Here are the top 5 measures that have worked best for me based upon my experience:
1. E-mail attachments. It is tempting to share an artifact by attaching it. Copy – Paste – Send. However, the first draft of an artifact is rarely the final version. Artifacts continue to evolve across multiple point-in-time versions. Therefore, it is most important to share the reference to the central location for the artifact rather than the artifact itself. Hence, URL references are more effective long-term than attachments.
2. Use metadata. Technologies to accommodate metadata that define the attributes of an artifact have matured. Diligent tracking of these attributes eases the search and retrieval of the artifact. It also facilitates the grouping, sorting and filtering of artifacts in more ways than one. Remember, information is one of the most valuable assets in your enterprise.

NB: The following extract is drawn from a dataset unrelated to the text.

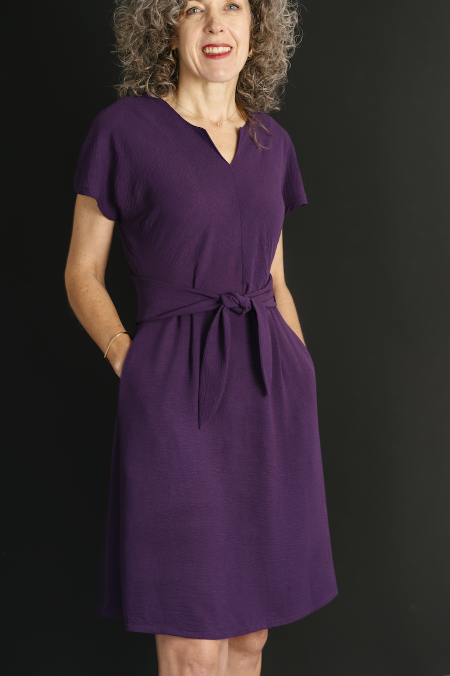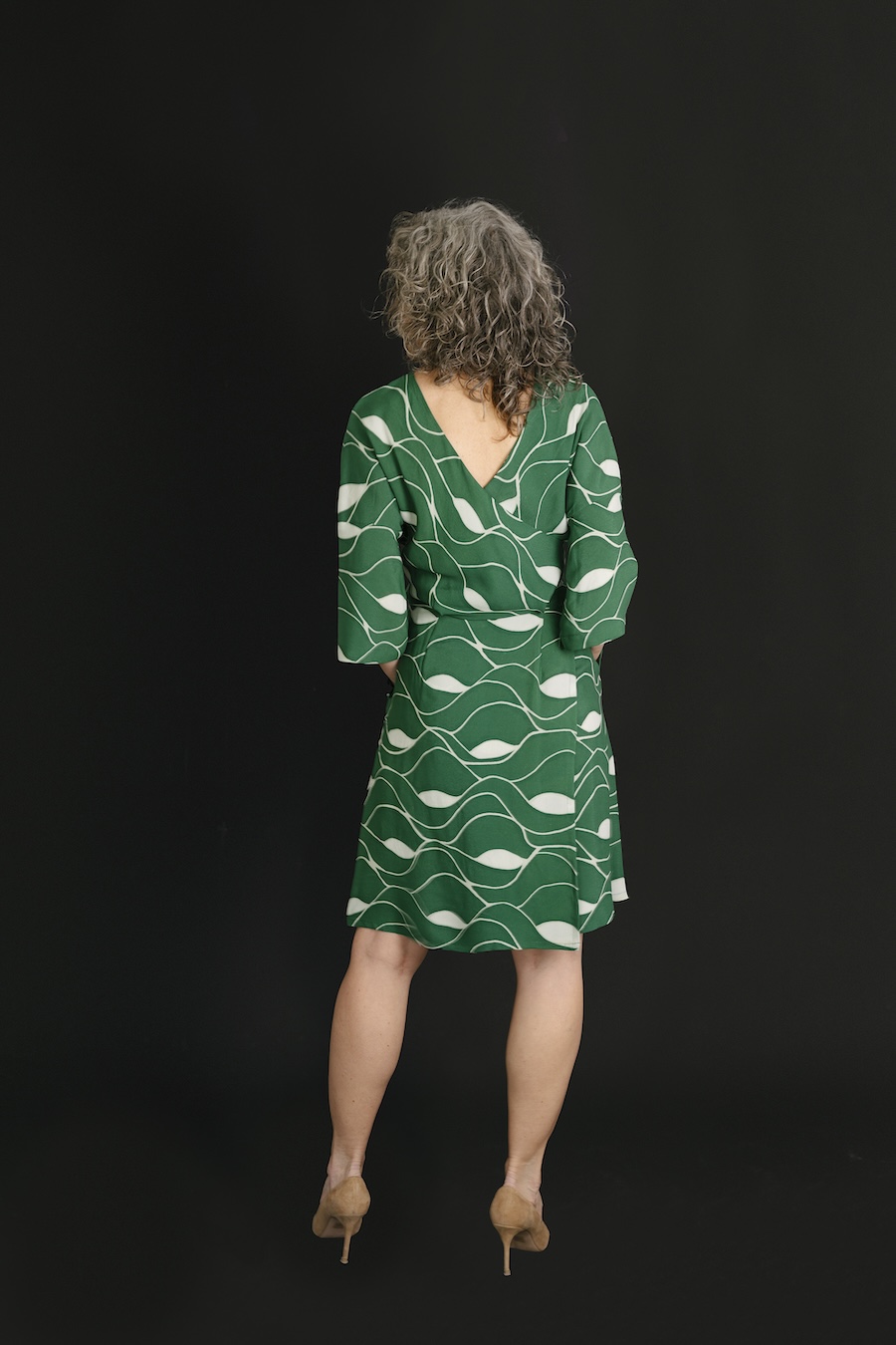 1. #About#An easy-to-sew and easy-to-wear wrap dress with a twist: the wrap is in the back instead of the front! Both views feature ties at the front waist, on-seam pockets, a bias-cut top for beautiful drape (top can also be cut on grain, if desired), a notch at the front neck, and a V-neck at the back. View A has cut-on sleeves and View B includes bracelet sleeves. With a slightly blousey bodice and a forgiving fit thanks to the pleats and adjustable waist, you’ll get a great fit with this style. The pattern includes cup sizes.

3. Meeting Logistics. Virtual meetings the norm today. Basic steps, such as providing the correct link to the virtual conference room, the phone number, the passcode in the meeting notice save minutes—and depending upon the number of attendees—hours. Using templates to facilitate systematic execution and dissemination streamlines this process, and could be a best practice.
4. Meeting Content. Providing references to the meeting objective, agenda, and shared content in meeting notices allows participants to jump into the discussion right away. These can be part of the meeting notice itself. In the event you have recurring meetings, this could be a rolling agenda maintained in a central location where the items are moved around based upon priority and time-sensitivity. Updates to the given entry in the central repository can serve as the minutes too! No additional e-mails. And remember, no attachments!
5. Discussion Boards. Discussion threads triggered by an e-mail blast can be captured automatically in centralized discussion boards. Opinions shared can be available long-term in these discussion boards rather than a subset of private mailboxes. Context-specific searches can yield nuggets of wisdom within these threads that will be readily retrievable. Done right, enterprises can have a growing “Wikipedia” of sorts, within their firewalls, in the context of their needs.
Such basic applications of technology have consistently yielded productivity returns for me. Individual benefits of speed and access through mobility, BYOD, wearable devices and flexible displays improve our overall quality of our own life as an individual. However, for a single person to be effective, their environment must be productive.
What has worked best for you? How have you applied technology to improve productivity? Has your organization considered extending tribal knowledge to an enterprise level? Please let me know.